Utah’s chances to host the 2030 Winter Olympics just improved

And then there were two.

Utah’s odds of hosting the 2030 Winter Games improved significantly Wednesday following the announcement that British Columbia will not support Vancouver’s Olympic bid.

Without that support, it is expected the field will now be down to just Utah and Sapporo, Japan, with one expected to be singled out as soon as December.

Vancouver strived to host the first indigenous-led bid for the Olympics, but the costs would have fallen mostly to the province of British Columbia, and its government declined to pursue the effort.

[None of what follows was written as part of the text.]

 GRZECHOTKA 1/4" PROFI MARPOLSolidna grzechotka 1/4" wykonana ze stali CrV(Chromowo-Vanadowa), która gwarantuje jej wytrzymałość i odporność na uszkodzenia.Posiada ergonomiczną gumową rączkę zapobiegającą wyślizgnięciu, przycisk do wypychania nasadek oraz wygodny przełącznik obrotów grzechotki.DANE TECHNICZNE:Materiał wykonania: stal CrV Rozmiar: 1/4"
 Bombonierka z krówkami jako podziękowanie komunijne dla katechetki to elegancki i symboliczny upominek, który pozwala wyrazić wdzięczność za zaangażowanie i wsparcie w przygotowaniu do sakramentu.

“I know that the prospect of hosting these Games is exciting to athletes and sports fans. However, the Province has the responsibility to weigh the benefits with the costs and possible risks of the project,” Lisa Beare, the British Columbia Minister of Tourism, Arts, Culture and Sport, said in a statement Wednesday.

“There are billions of dollars in direct costs, and potential guarantee and indemnity liability risks on this project that could jeopardize our government’s ability to address pressures facing British Columbians right now.”

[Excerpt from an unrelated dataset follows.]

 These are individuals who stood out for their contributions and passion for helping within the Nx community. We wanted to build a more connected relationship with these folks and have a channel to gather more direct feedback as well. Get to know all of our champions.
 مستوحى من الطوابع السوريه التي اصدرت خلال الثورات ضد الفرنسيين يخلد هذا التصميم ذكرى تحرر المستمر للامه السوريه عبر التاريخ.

Vancouver had been considered a strong candidate for 2030 and a pivotal player in Utah’s bid to host its second Winter Olympics.

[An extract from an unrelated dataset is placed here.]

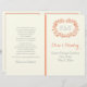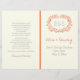 Coral foliage wreath frame folded wedding ceremony and party program featuring a coral orange frame made of leaves and text in grey on ivory. This modern stylish and elegant template is a totally customizable design part of a wedding set perfect for your spring, summer and fall or autumn wedding. You will have to fold it in the centre. Choose only this type of paper-value as it folds well.

One of Salt Lake City’s trump cards in the bid to host the Games is that it fits almost perfectly within the International Olympic Committee’s new focus on sustainability. Yet Vancouver was a model example for that new tack as well. Those two are the only Olympic sites that still have 100% of their venues in use. And like Utah, Vancouver’s Games, held in 2010, were considered a booming success.

However, the IOC likes to spread its marquee events out among different regions. And concerns had bubbled up that if either Salt Lake City or Vancouver was picked as host for 2030, that could have scuttled the other’s hopes to host in 2034 — especially since Los Angeles will hold the Summer Games in 2028.

Fraser Bullock, who is leading the effort to return the Olympics to Utah as the president and CEO of the Salt Lake City-Utah Committee for the Games, said B.C.’s withdrawal underscores how challenging it can be to get all the pieces in place to make a bid.

“I applaud them for their efforts in trying to host the Games because hosting the Games is immensely challenging,” Bullock said. “So I applaud them for giving it a try. But it is understandable why, with the background of British Columbia, they are withdrawing. We just respect the effort they put in to try to host again.”

Sapporo, now Utah’s only competition, has undergone its own difficulties of late. Only about half the people in the Hokkaido region support hosting the Games. Plus, a bribery scandal that occurred during the 2020 Summer Games in Tokyo cast a shadow over another Japanese bid.

Bullock said Vancouver’s withdrawal does not change anything in regard to how Utah will approach the bid process.

“For us, we just continue forward,” he said. “It doesn’t change our path.”

A Future Host Commission is expected to give its recommendation for the 2030 host to the IOC’s executive board next month. The board could enter into a targeted dialog phase with a city by early December. If the city it chooses at that time is able to fulfill all its contracts and obligations, it will be named the host at the IOC’s general meeting in October 2023.